I blinked. “You hired her for what?”
“She’s a private investigator. Well… kind of. She does loyalty tests.” Bethany reached for my hand like this was adorable. “I paid her to see if you’d cheat on me.”
For a few seconds I honestly thought she was joking.
“You paid someone to seduce me?”
“It wasn’t like that,” she said quickly. “I just needed peace of mind before the wedding. My friend Khloe did it with her fiancé and caught him on dating apps. I had to know.”
I stared at her while my brain slowly caught up.
“And now,” she continued happily, “I know I can trust you completely.”
That sentence would age horribly.
I didn’t yell. I didn’t explode. I just nodded slowly and took another sip of beer while something cold settled into my chest.
“Interesting,” I said.
“You’re not mad?”
“I’m processing.”
Bethany immediately launched into a long emotional speech about her cheating ex-boyfriend, her father cheating on her mother years ago, her fear of betrayal, her anxiety about marriage. She made herself sound wounded and vulnerable enough that if I hadn’t felt so uncomfortable already, I probably would’ve comforted her.
Instead, I changed the subject.
Later that night, while she slept beside me, I quietly searched through her purse and found Rochelle’s business card.
R. Monroe — Discreet Investigations & Loyalty Verification.
I saved the number.
The next morning, I called from my car before work.
“Mr. Foster,” Rochelle answered immediately. “Wasn’t expecting to hear from you.”
“You know who I am?”
She laughed. “You were my most boring case ever. No offense. Three weeks at that gym and you barely noticed I existed.”
“I need to hire you.”
There was a pause.
“To investigate Bethany?”
“Yes.”
Another pause.
“Are you sure you want to know whatever I find?”
“I’m sure.”
I specifically asked about Thursday nights. Bethany’s sacred “book club” evenings. Every Thursday from seven to eleven, no exceptions. Full makeup. Perfume. Fancy outfits for what was supposedly wine and paperback novels with her girlfriends.
Rochelle agreed to follow her.
That Thursday I acted completely normal.
Bethany stood in front of the mirror curling her hair while humming to herself. She wore a tight black dress she always claimed was “casual but comfortable.”
“What book are you reading tonight?” I asked casually.
“Oh… uh… some mystery thriller.”
“What’s it called?”
She froze for half a second.
“Something about a girl on a train. I forget.”

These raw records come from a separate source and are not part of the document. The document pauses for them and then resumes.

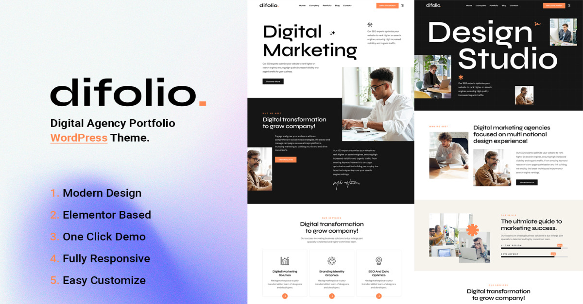 Difolio – téma WordPress Creative Portfolio digitální agentury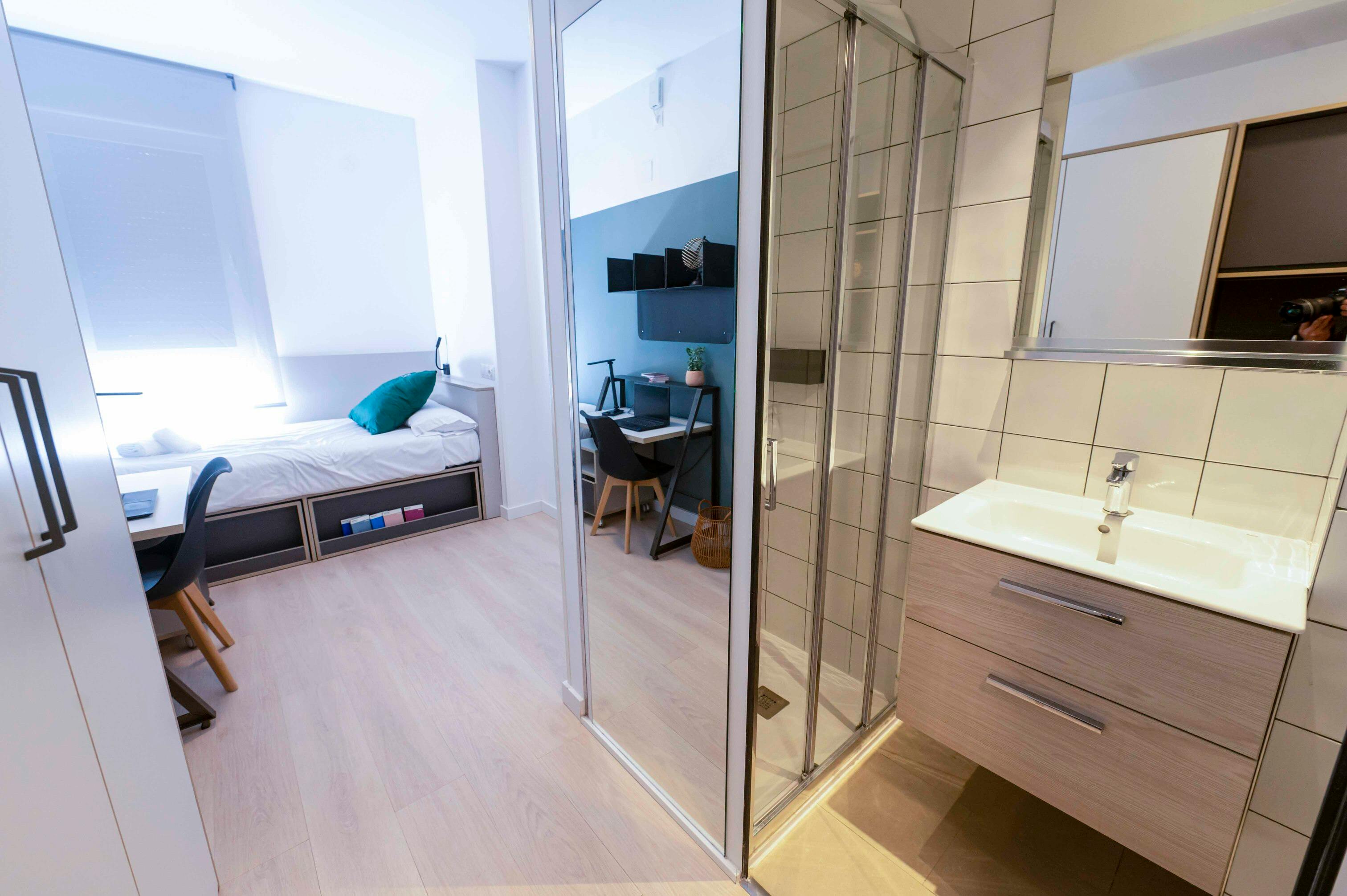 🌟PROMO FLASH: No administrative fee !! - Booking with max move out date August 26🌟 (Bookings for new course from September: Administration fee is 220€) 🔸Cleaning room and change of sheets included in the price. It is weekly! 💢 Single room with private bathroom and with private kitchenette with no stoves 💢 Type of bed: 105 x190 🏡Building, common areas and type of units In our residence you will find a place where you’ll have everything you need for university life. This residence offers single , double and triple rooms. We have different common areas that won ́t leave you indifferent: many study rooms, a big lunchroom, TV room, poll, football and spaces for relaxing after the university with friends. You will also have the possibility of enjoying 3 terraces with ping pong and solarium. Also don ́t forget the fully equipped gym and the laundry room. We have a 24/7 Security service with cameras to make you feel safe. Also, you will have the freedom to go and back from/to the accommodation anytime. In your room, we clean and change your bed sheets weekly. In addition, you will have the freedom to come and go whenever you want from the residence. In your room, we clean and change your bed sheets weekly. ⭐Restaurant We offer you a delicious and varied gastronomic proposal, designed especially for you. With a daily menu where you can choose from a variety of homemade and nutritious dishes, made with fresh and seasonal ingredients. If you are vegetarian, vegan or have any kind of allergy or intolerance, we will adapt the menu to your needs. You can choose between Half board and Full board. 📍Location and Neighborhood You will find everything you need for your day-to-day as supermarkets, gym, pharmacies and hospitals. We are in the middle of the three university campus: 15 minutes from Fuentenueva and Aydanamar, and 20 minutes of Cartuja by bus. We are a few minutes away from the “Plaza de Toros” where you will eat delicious tapas with your friends. Few minutes walking from the “Plaza de Toros”, you will arrive to “Puerta Elvira” and the Albayzin area, a perfect place to get lost walking around many little streets and travel back in time to the Nasrid world. You can also enjoy one of the best sunsets on the “Mirador de San Nicolas” or visit the Alhambra and the “Jardines el Generalife”. 💢💢💢 🔸After the reservation is completed, you will be required to pay the deposit and other fees through our secure payment system...
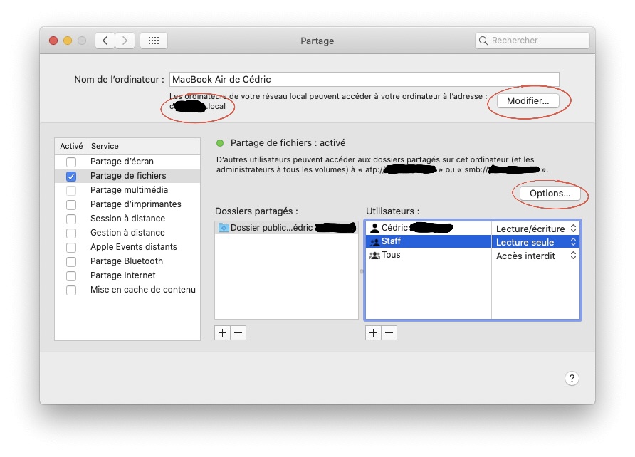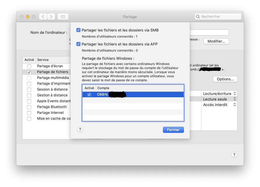 Ce matin, sur mon Mac 2008, dans Préférences système, Partage, Partage de fichiers, il est indiqué que l’accès aux fichiers peut se faire via smb ou afp.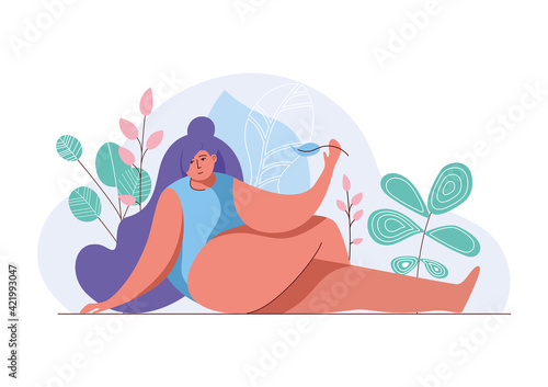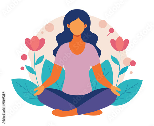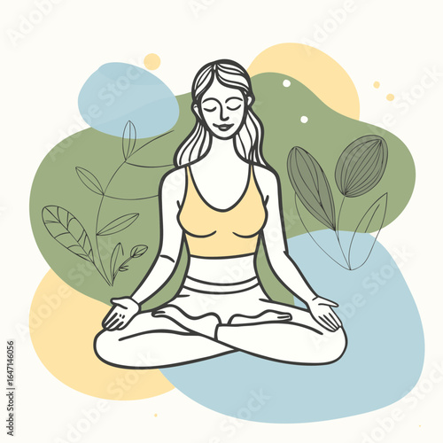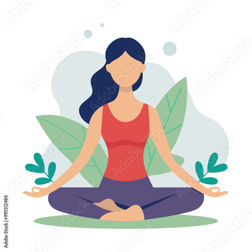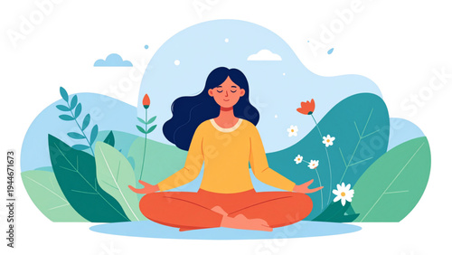 Mladá žena medituje o přírodě vektorové ilustrace. Cartoon dívka dělá stres úlevu cvičení, uklidňující mysl, dýchání pro harmonii. Koncept jógy, meditace, relaxace, rekreace, zdravého životního stylu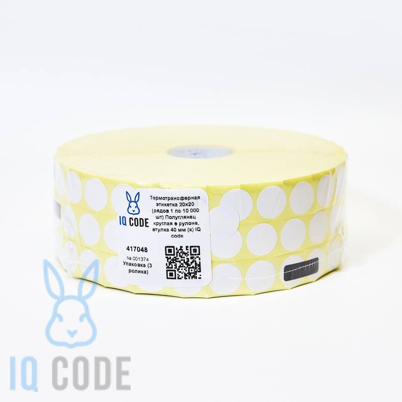 Термотрансферная этикетка 20х20 полуглянцевая, втулка 40 мм (к) (рядов 1 по 10000 шт) круглая IQ code
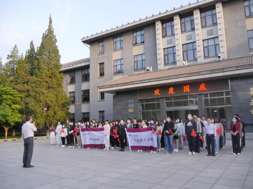 为庆祝中华人民共和国成立72周年和建党100周年,弘扬爱国主义精神,增强民族自豪感,英国beat365官方网站、文法学院于10月1日共同举行国庆节升旗仪式。英国beat365官方网站党委书记张茂林、文法学院党委副书记刘祥坠及两院师生100余人参加了仪式。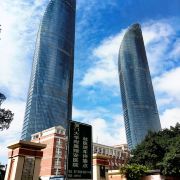 河的两岸是那种老式住宅 现在大多改成了商铺 可是一抬头 却是现代感极强的世茂双子塔楼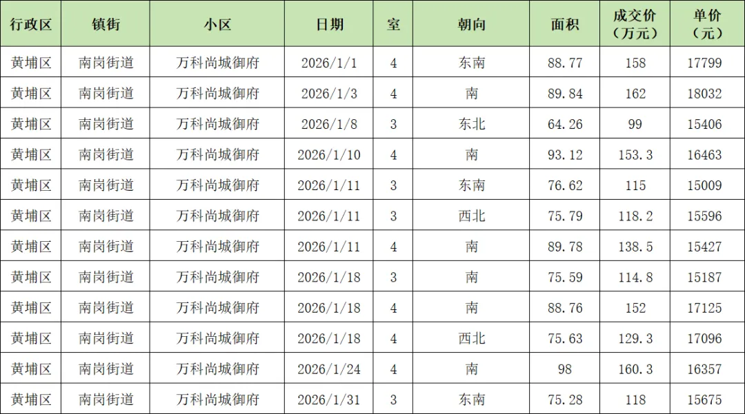 万科尚城御府的成交特征是高实用性和紧凑总价。75-90㎡的中小户型是绝对成交主力,占比近七成,适配刚需和首改。总价高度集中在115-162万元区间,占比达75%。在单价上,房源单价在1.5-1.8万元/㎡之间,南向房源单价普遍更高,其中南向房源成交最活跃。整体来看,这是一个以总价控制为核心,满足基本居住功能的活跃交易板块。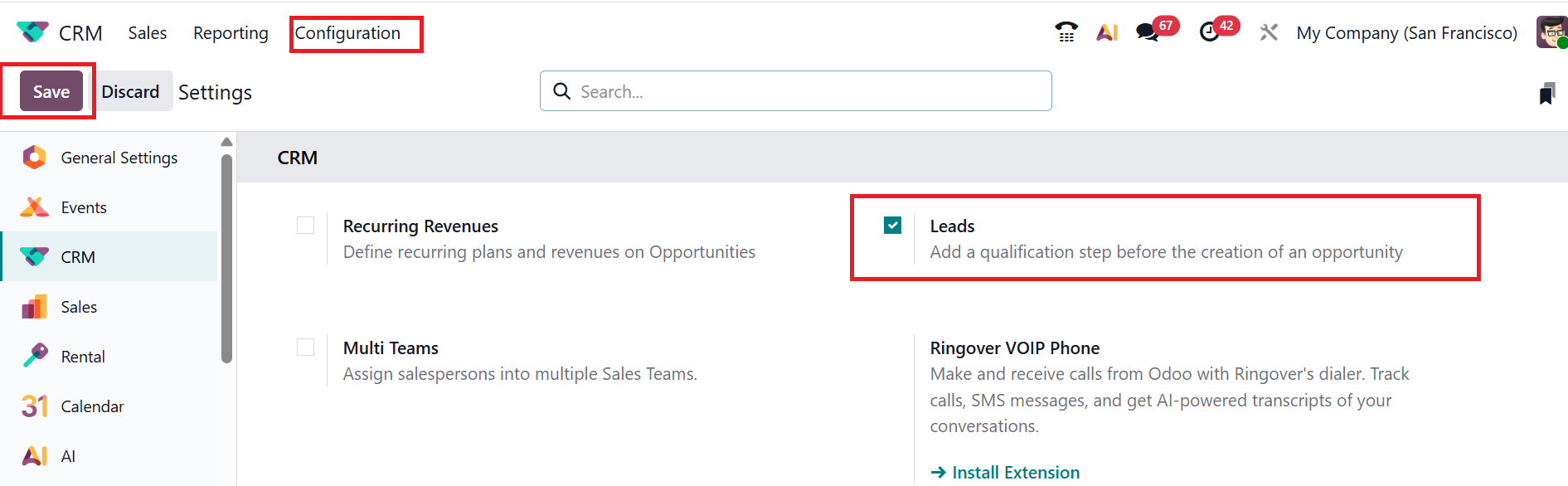 To enable the Lead option, navigate to Configuration > Settings. Then, enable Leads under the CRM section and click on the Save button to save the changes as shown below:

Then she kissed me goodbye and left at 6:45.
At 11:47 PM my phone rang.
“You sitting down?” Rochelle asked.
“Yeah.”
“There’s no book club.”
Even though I’d suspected it, hearing the words still punched straight through me.
“She went to the Marriott downtown. Room 412. Stayed there from 7:15 to 11:20.”
My stomach twisted.
“I sent you the photos.”
I opened them one by one.
Bethany entering the hotel.
Bethany inside the elevator.
Bethany knocking on room 412.
Then the door opening.
And there he was.
Colton.
Her flamboyant “gay best friend” from college. The guy who was supposed to stand beside us at the wedding. The man Bethany constantly called “basically one of the girls.”
In the final photo, he pulled her inside while kissing her.
“There’s more,” Rochelle said carefully. “They’ve booked that same room every Thursday for five months.”
Five months.
We’d been engaged for eight.
“You okay?” she asked gently.
Oddly enough, I was.
Not happy. Not heartbroken. Just calm.
Like every strange feeling I’d ignored over the past year suddenly clicked into place all at once.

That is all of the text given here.